Print the lines in the listing below that fall between the line with "Pochette en cuir" and the line with "Светодиодная лампа IN", those two lines included, exactly as they stand and with nothing else.

SUPPLIED MATERIAL —
◇ ◇ ◇
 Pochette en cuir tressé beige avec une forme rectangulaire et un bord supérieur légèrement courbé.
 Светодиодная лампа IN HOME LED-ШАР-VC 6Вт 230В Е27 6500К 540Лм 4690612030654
◇ ◇ ◇
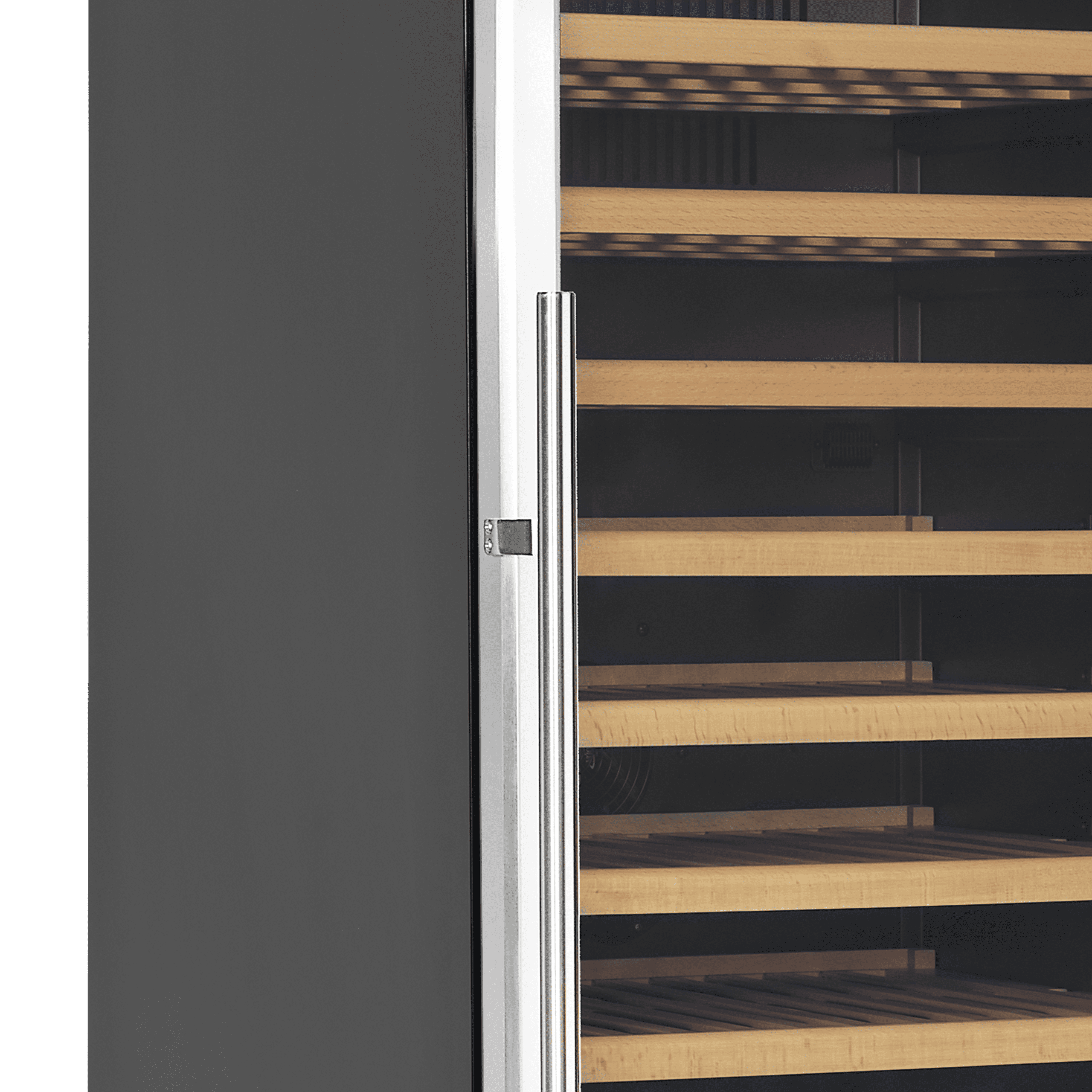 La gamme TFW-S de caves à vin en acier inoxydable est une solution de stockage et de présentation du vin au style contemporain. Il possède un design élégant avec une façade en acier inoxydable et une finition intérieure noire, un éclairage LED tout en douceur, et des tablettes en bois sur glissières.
◇ ◇ ◇
ANSWER AREA —
 Pochette en cuir tressé beige avec une forme rectangulaire et un bord supérieur légèrement courbé.
 Светодиодная лампа IN HOME LED-ШАР-VC 6Вт 230В Е27 6500К 540Лм 4690612030654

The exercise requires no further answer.